Data under study »

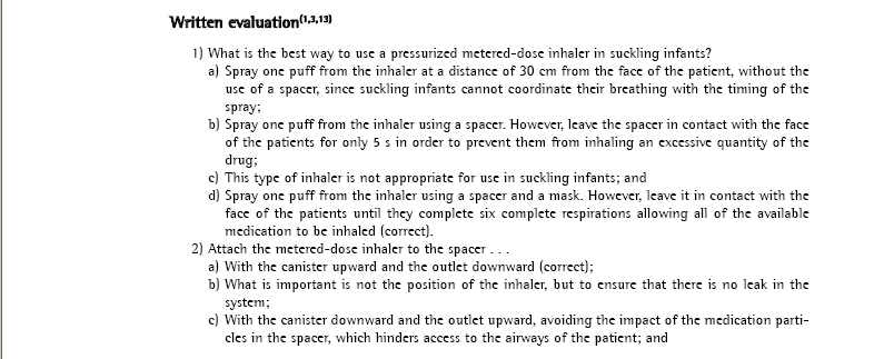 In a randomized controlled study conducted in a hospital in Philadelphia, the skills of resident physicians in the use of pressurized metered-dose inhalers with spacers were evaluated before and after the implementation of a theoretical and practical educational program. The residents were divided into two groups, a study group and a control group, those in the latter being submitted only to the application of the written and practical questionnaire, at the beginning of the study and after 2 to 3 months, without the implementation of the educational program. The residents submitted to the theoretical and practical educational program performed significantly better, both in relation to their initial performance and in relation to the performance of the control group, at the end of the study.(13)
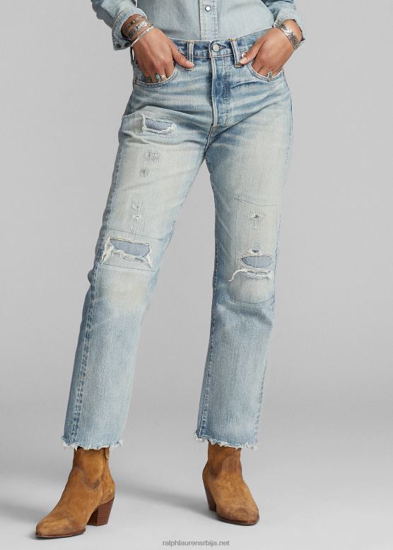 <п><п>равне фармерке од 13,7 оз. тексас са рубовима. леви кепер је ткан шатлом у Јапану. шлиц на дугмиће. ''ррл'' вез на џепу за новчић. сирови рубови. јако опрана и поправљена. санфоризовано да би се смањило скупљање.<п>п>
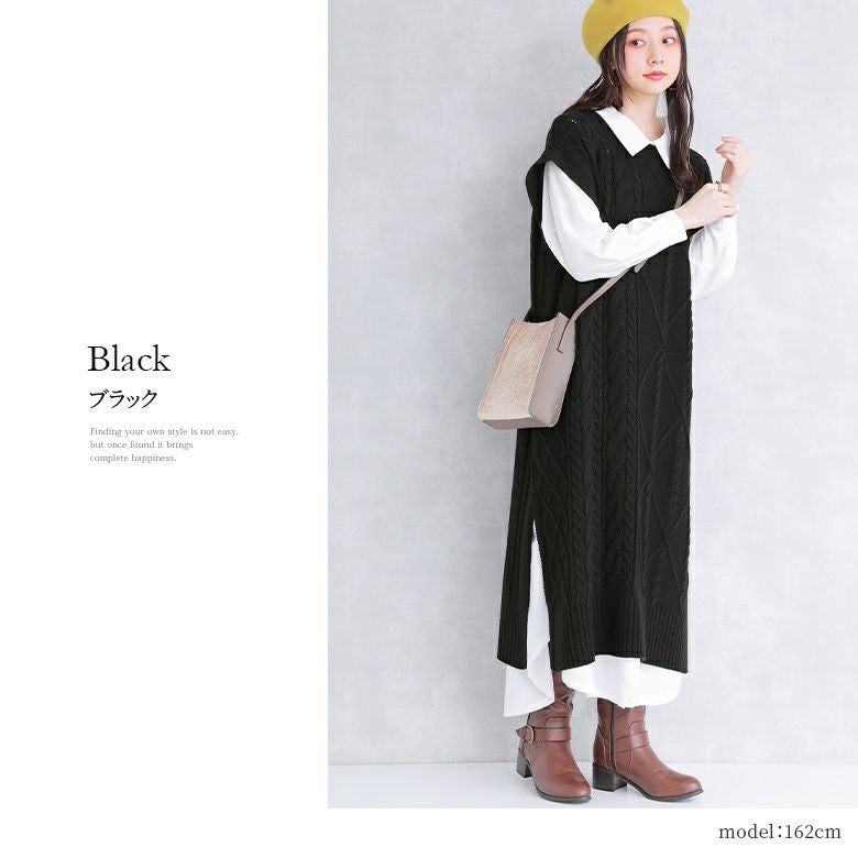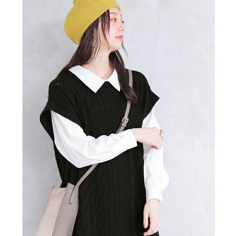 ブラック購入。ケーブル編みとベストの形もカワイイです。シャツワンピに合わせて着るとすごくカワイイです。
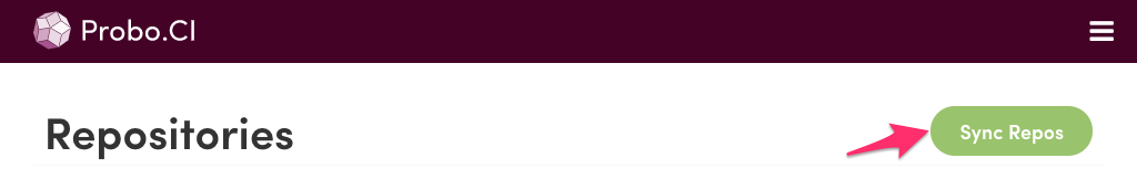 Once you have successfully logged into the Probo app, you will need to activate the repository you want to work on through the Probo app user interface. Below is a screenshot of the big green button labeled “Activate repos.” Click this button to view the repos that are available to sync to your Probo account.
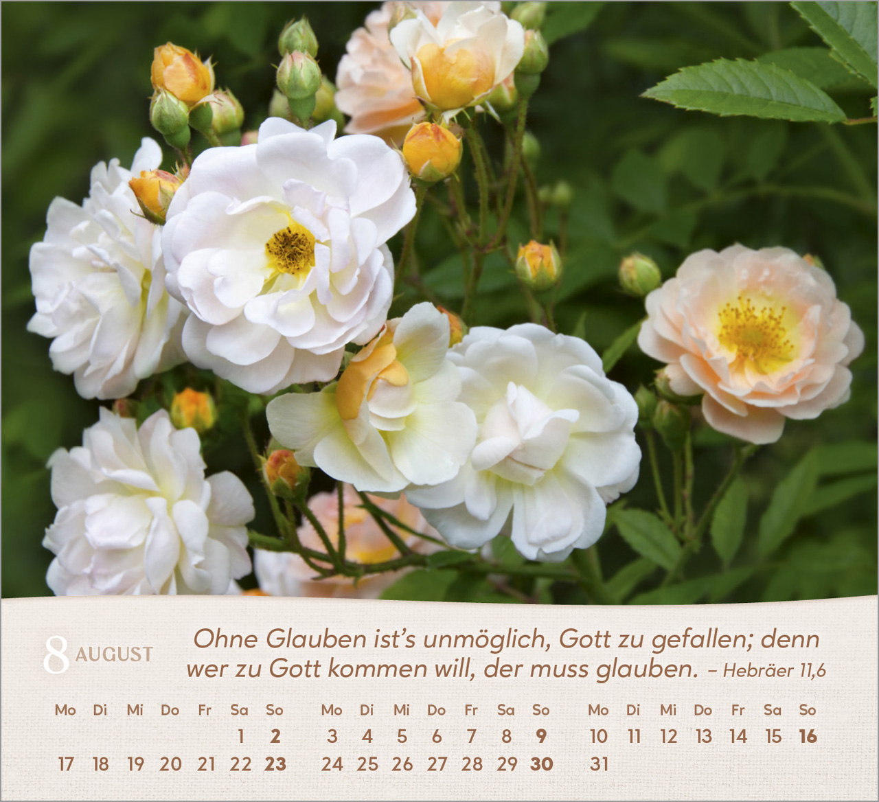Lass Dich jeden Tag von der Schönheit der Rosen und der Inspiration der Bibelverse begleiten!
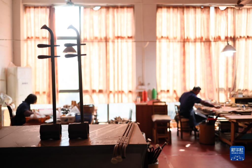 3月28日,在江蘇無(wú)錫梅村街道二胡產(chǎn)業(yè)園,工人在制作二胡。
==
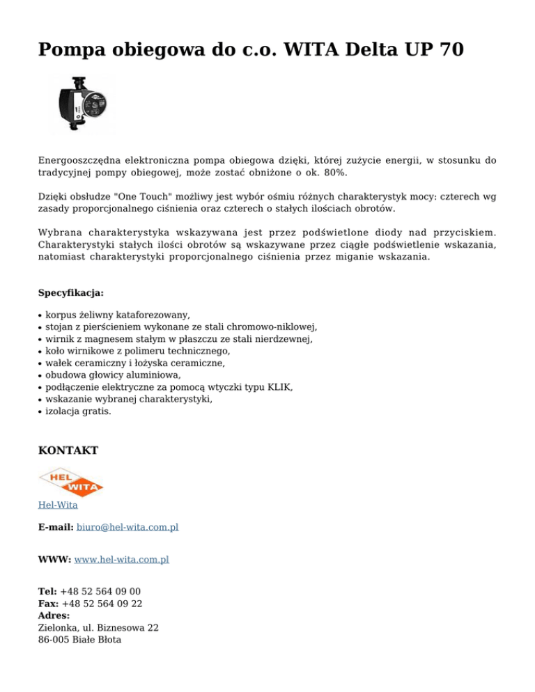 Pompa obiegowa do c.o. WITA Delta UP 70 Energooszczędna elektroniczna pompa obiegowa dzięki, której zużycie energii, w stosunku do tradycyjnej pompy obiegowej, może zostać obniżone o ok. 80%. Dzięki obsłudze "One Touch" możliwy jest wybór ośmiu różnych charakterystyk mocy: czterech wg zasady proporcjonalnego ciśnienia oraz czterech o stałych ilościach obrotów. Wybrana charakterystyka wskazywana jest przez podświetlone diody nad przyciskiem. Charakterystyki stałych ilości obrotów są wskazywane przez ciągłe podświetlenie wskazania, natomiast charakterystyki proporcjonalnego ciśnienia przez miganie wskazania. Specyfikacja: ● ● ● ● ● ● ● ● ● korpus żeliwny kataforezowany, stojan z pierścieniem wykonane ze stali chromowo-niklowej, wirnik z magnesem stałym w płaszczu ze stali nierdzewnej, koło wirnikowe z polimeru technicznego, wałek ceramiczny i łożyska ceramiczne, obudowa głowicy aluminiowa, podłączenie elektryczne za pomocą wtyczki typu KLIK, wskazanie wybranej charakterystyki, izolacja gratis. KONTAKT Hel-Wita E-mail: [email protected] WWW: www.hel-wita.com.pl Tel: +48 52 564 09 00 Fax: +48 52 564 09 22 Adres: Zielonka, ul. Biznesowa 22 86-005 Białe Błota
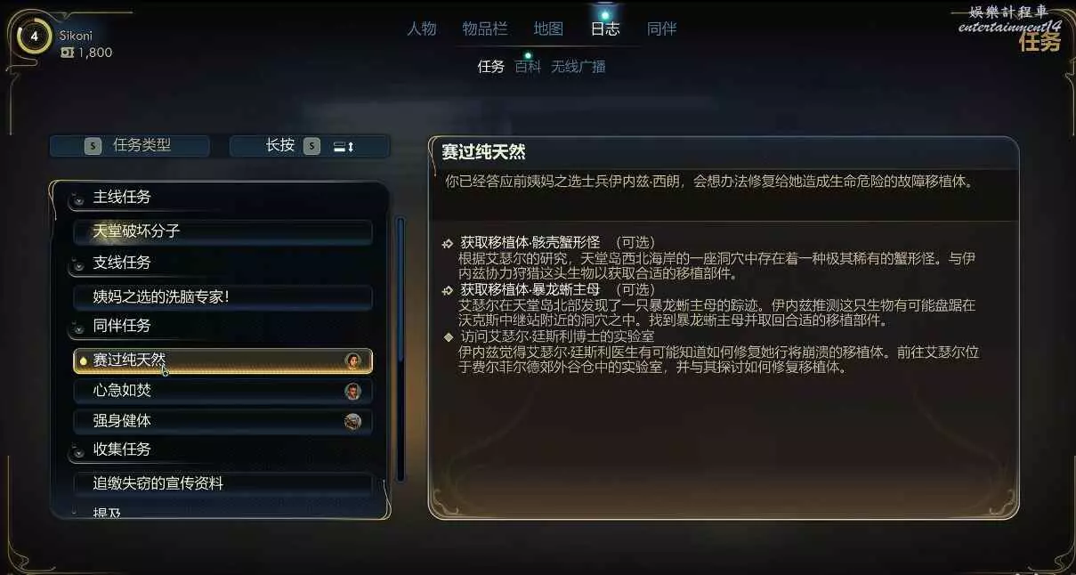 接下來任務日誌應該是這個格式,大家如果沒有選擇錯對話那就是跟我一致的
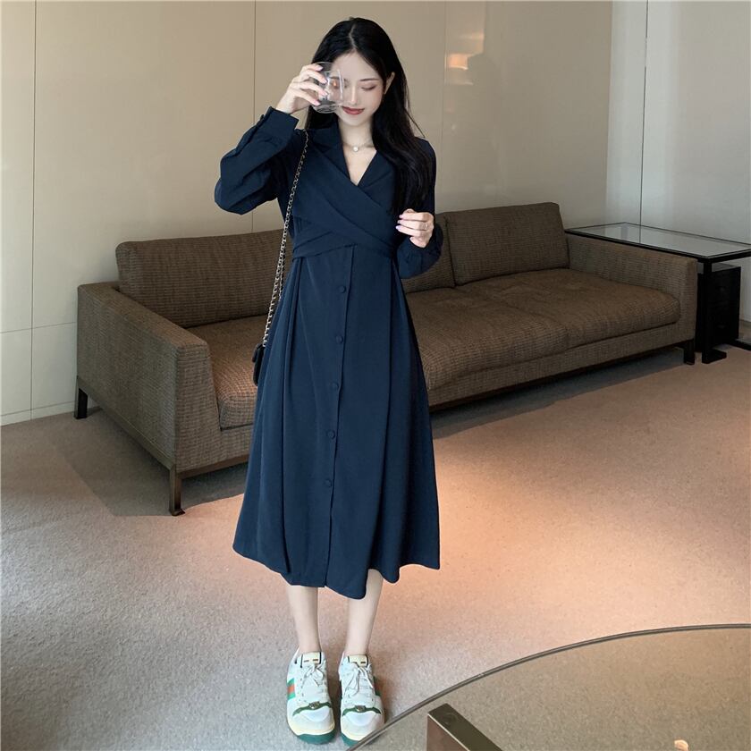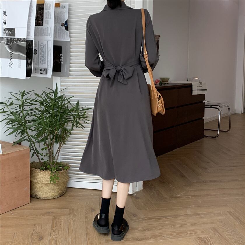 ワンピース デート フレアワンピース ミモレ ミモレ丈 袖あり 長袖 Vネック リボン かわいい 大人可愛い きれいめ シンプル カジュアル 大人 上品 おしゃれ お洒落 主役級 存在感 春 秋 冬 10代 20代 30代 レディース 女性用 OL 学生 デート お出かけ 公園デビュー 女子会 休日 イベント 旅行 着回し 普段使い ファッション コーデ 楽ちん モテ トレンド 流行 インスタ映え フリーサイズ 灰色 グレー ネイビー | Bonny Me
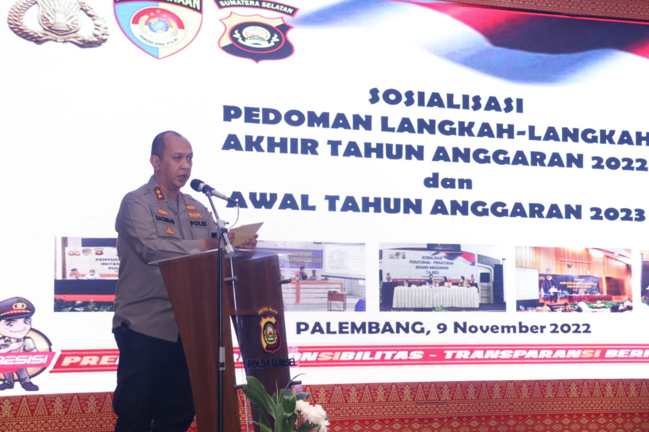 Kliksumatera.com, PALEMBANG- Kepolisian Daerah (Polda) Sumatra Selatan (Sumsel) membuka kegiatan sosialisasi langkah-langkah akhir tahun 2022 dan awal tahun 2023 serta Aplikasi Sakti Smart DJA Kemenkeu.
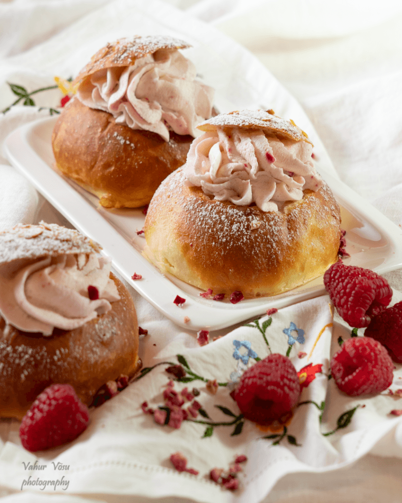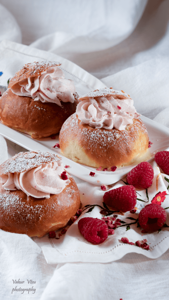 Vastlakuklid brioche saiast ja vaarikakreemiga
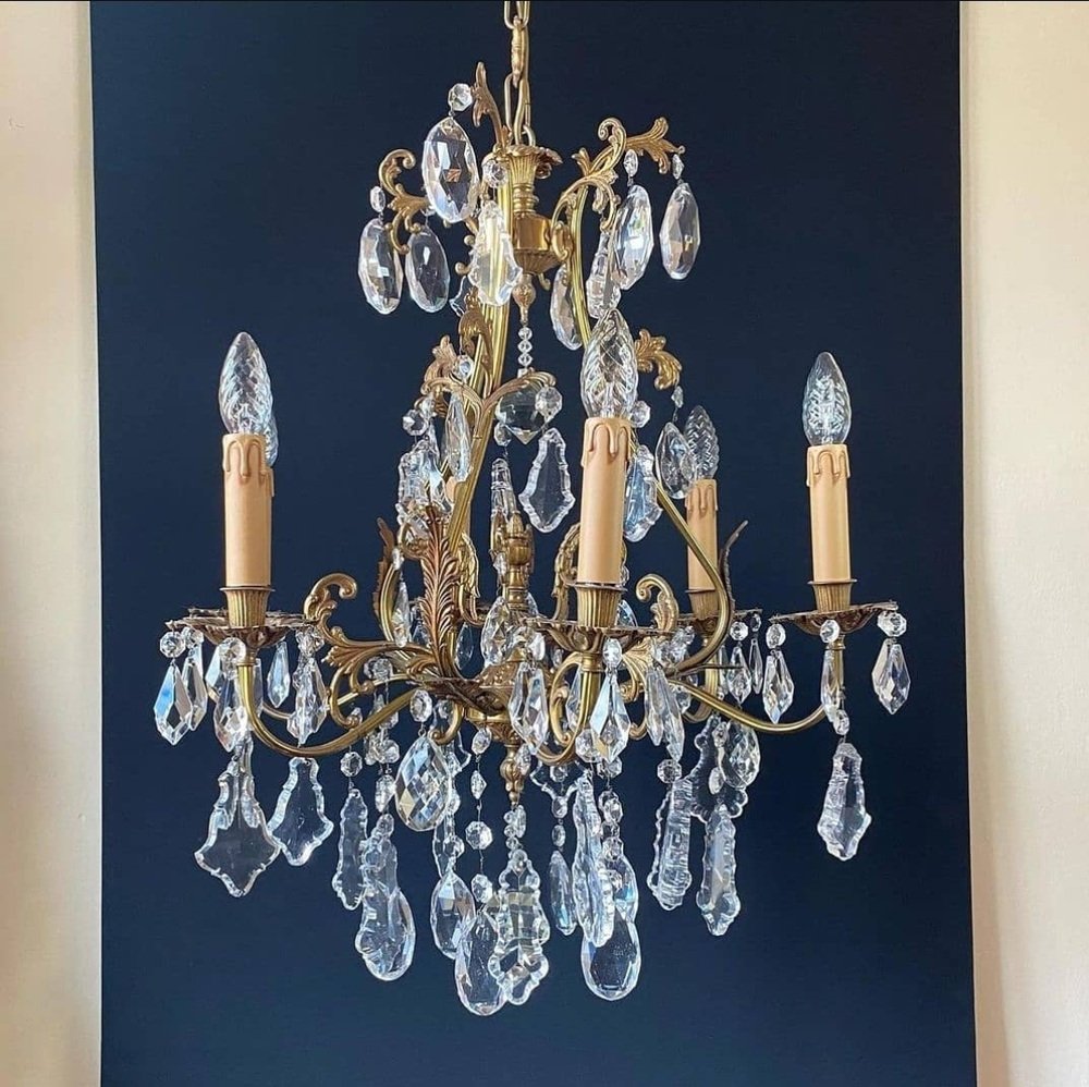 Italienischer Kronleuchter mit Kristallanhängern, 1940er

Problem requirements » Give back, exactly and without pictures, the stretch of the records above from the line containing "<п><п>равне фармерке од" through the line containing "ブラック購入。ケーブル編みと", with both end lines included.

Solved problem »
 <п><п>равне фармерке од 13,7 оз. тексас са рубовима. леви кепер је ткан шатлом у Јапану. шлиц на дугмиће. ''ррл'' вез на џепу за новчић. сирови рубови. јако опрана и поправљена. санфоризовано да би се смањило скупљање.<п>п>
 ブラック購入。ケーブル編みとベストの形もカワイイです。シャツワンピに合わせて着るとすごくカワイイです。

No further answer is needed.